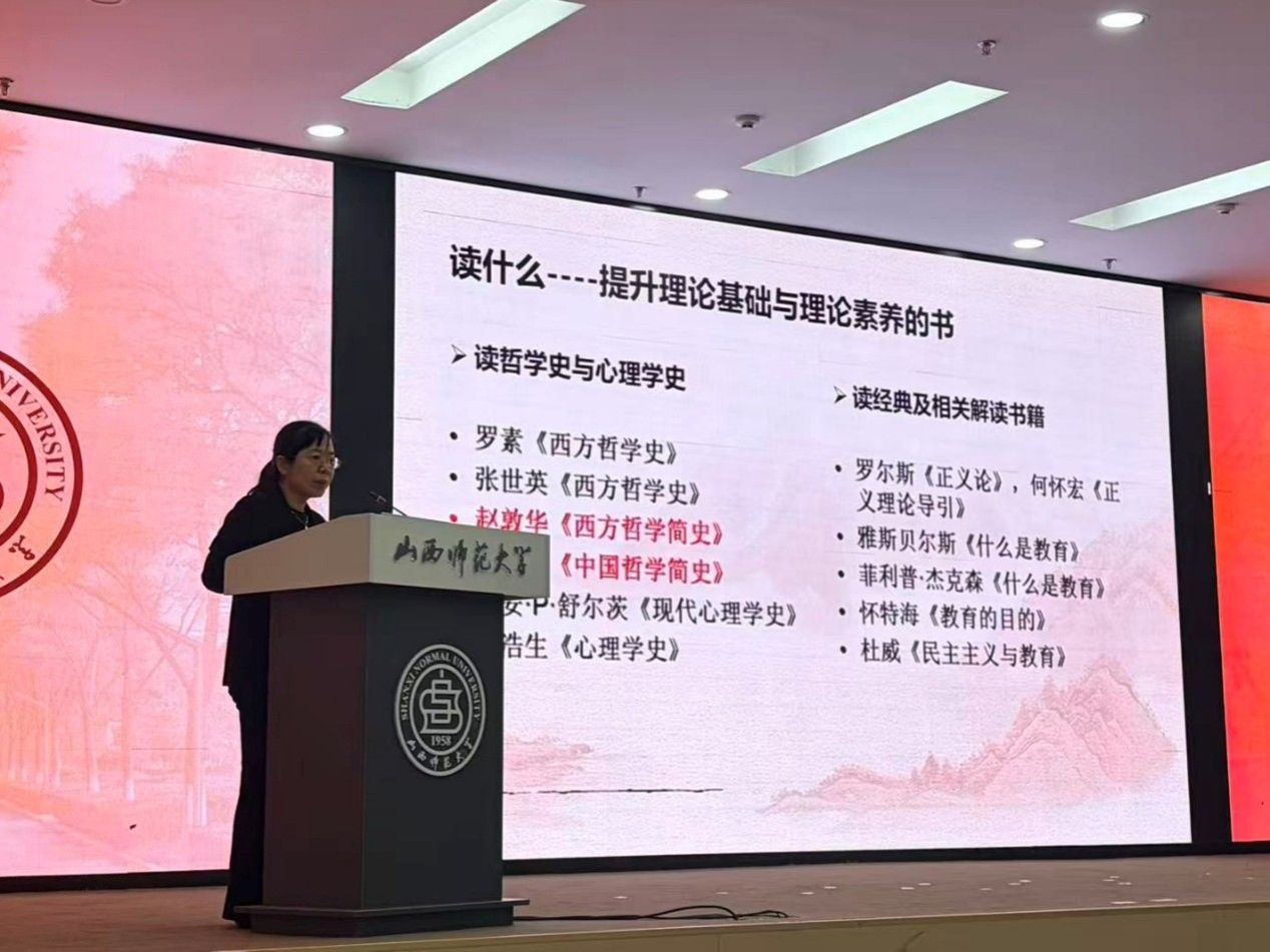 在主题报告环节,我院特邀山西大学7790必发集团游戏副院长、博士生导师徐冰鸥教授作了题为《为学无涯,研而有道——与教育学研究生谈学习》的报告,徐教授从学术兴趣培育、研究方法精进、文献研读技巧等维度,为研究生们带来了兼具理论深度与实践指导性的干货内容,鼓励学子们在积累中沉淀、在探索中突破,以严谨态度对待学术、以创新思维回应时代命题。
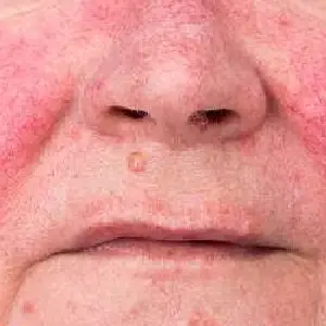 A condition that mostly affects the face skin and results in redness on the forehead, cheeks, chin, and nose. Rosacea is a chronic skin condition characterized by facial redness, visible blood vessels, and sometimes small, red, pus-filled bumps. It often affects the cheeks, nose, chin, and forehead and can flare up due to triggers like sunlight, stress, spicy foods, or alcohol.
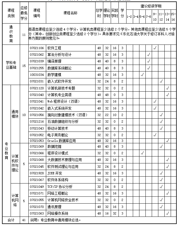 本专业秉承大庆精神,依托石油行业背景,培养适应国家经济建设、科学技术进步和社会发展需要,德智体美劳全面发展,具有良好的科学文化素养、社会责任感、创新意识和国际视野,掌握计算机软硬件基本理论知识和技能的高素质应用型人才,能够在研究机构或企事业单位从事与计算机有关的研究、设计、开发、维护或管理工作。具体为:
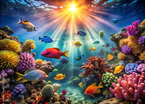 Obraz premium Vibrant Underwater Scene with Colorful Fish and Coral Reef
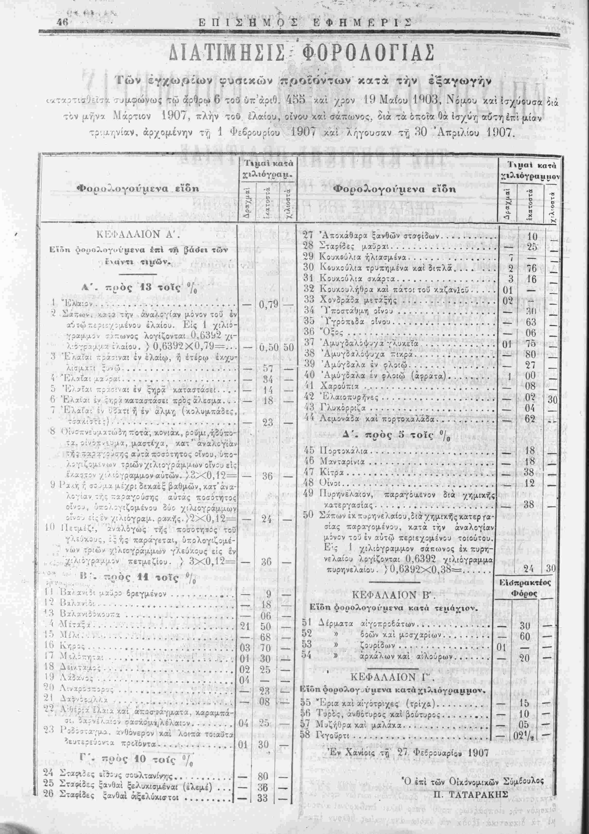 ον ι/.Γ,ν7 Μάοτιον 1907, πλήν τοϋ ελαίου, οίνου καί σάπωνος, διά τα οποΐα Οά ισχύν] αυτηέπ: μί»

____________

## EXERCISE PROMPT
Take the line that contains "Obraz premium Vibrant" as the first and the last line of the records as the end, and please quote those lines exactly, pictures omitted.

## SOLVED EXERCISE
 Obraz premium Vibrant Underwater Scene with Colorful Fish and Coral Reef
 ον ι/.Γ,ν7 Μάοτιον 1907, πλήν τοϋ ελαίου, οίνου καί σάπωνος, διά τα οποΐα Οά ισχύν] αυτηέπ: μί»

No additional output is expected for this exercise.